Thursday, 23 June 2016

Ancestry adds Niagara Falls honeymoon records

Here's a fun new collection on Ancestry - did your ancestors go to Niagara Falls in Ontario, Canada, on their honeymoon?! Here's the blurb:

Niagara Falls, Ontario, Canada, Honeymoon and Visitor Registers, 1949-2011
http://search.ancestry.co.uk/search/db.aspx?dbid=60714

Niagara Falls, formed by the forces of nature more than 12,000 years ago, was discovered by French explorer Father Louis Hennepin in 1678. Tourism to the falls began in the early 1800s. Initially, visitors traveled to the falls by boat. As railroads expanded across North America in the 1800s, eventually the Niagara Railway Suspension Bridge was built in 1855, but boats remained the main route for tourists to visit the falls until their use was gradually superseded in the early 1900s by automobiles, buses, and trains.

Niagara Falls received its reputation as the “Honeymoon Capital of the World” in 1801, when Theodosia Burr Alston (daughter of the 3rd Vice President of the United States, Aaron Burr) chose to honeymoon at the falls. Napoleon Bonaparte’s brother, Jerome Bonaparte, did the same in 1804, starting a popular tradition that continues to this day. Today, approximately 50,000 newly-wed couples visit Niagara Falls each year. Many choose to sign their names in register books that are kept by the Niagara Falls Tourism Office, which have been digitized and indexed for this collection.
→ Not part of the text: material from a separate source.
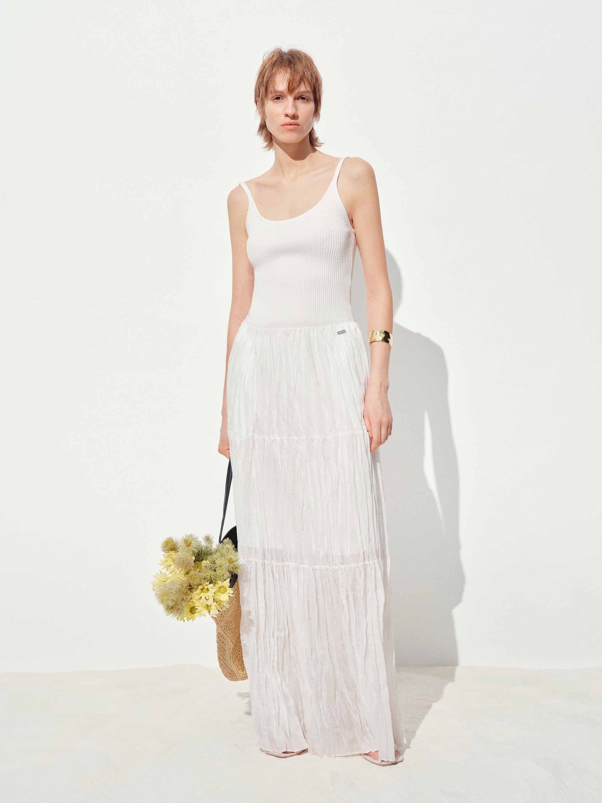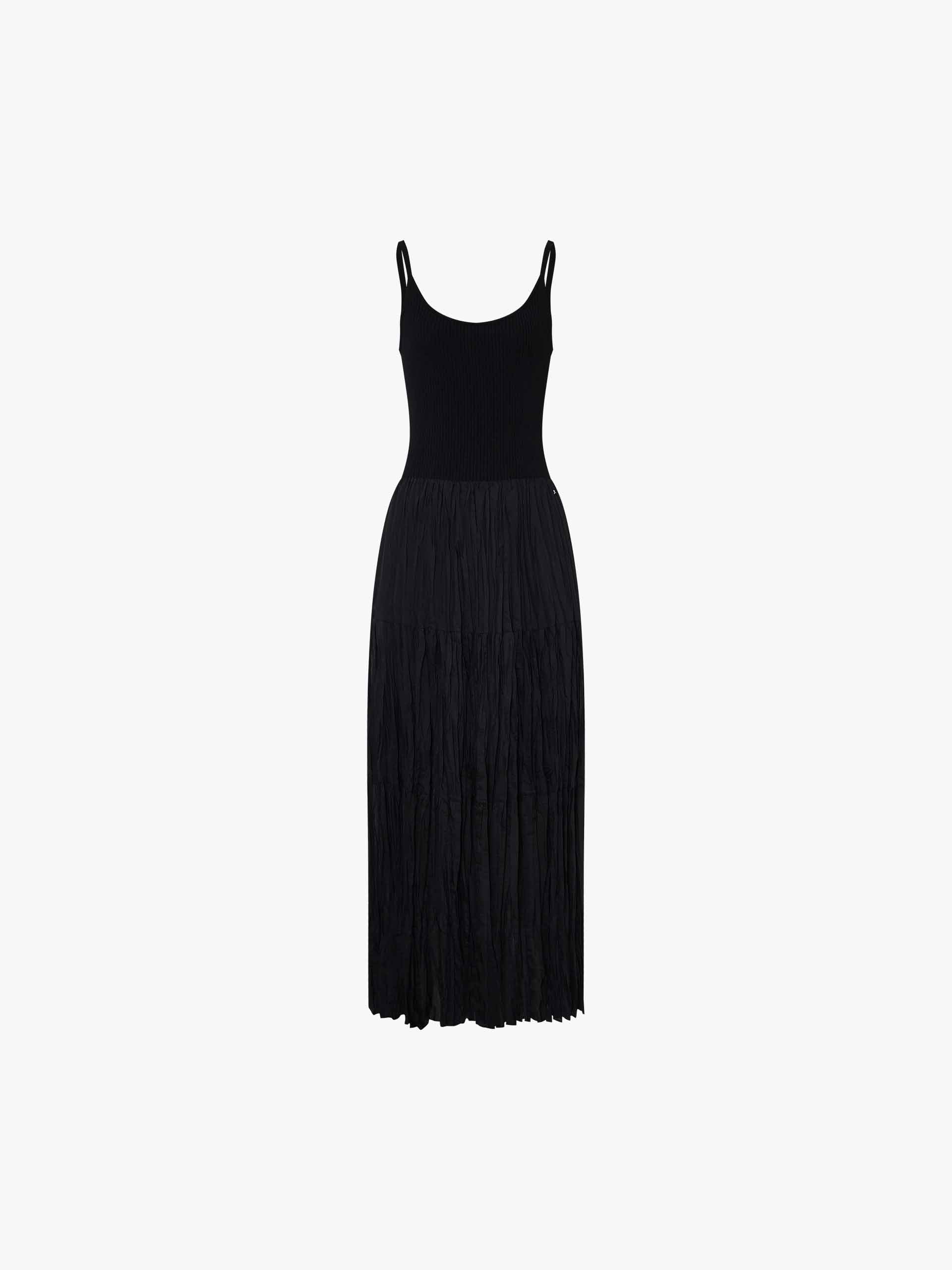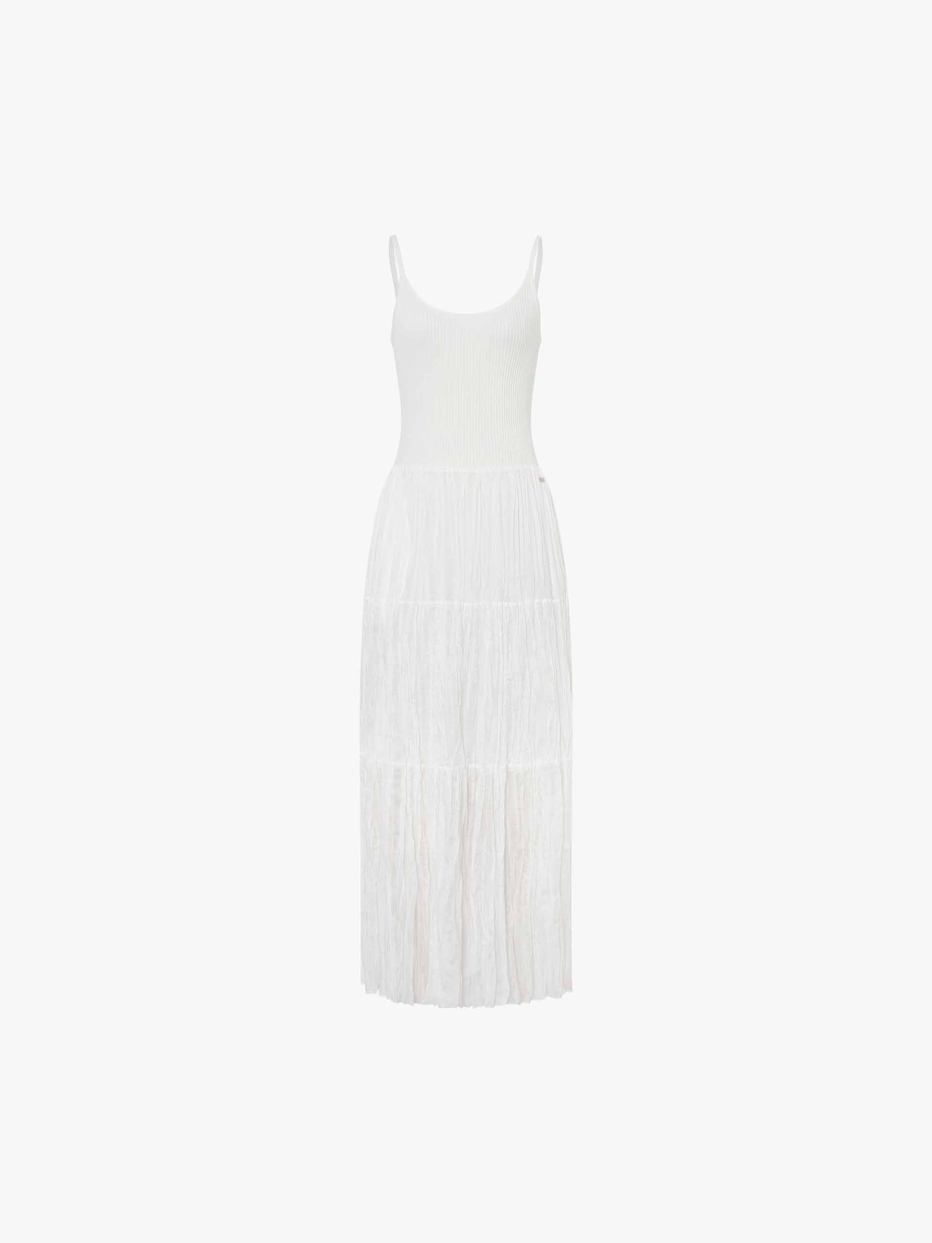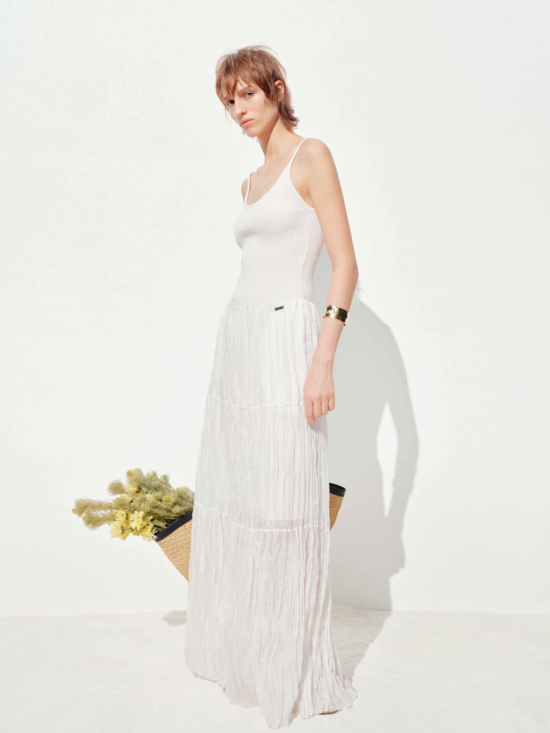 Embrace effortless elegance in this flowy dress, a stunning maxi design that blends structure with softness. The regular fit glides over your curves gracefully, while clever vest-inspired detailing adds a contemporary edge to the romantic silhouette. Delicate tulle panel accents create subtle texture and movement, whisper of sheerness for a tastefully alluring effect.

The source for the collection is given as Niagara Falls Honeymoon Registries. Niagara Falls Tourism Office, Niagara Falls, Ontario, Canada, with the records indexed as part of the World Archives Project.

Chris

For details on my genealogy guide books, including A Decade of Irish Centenaries: Researching Ireland 1912-1923Discover Scottish Church Records (2nd edition), Discover Irish Land Records and Down and Out in Scotland: Researching Ancestral Crisis, please visit http://britishgenes.blogspot.co.uk/p/my-books.html.

1 comment:

  1. Thanks for posting this. I actually found my own record in this collection. The year of our marriage was off by one. I'm blaming the ex. Just goes to show though, how errors creep into the records.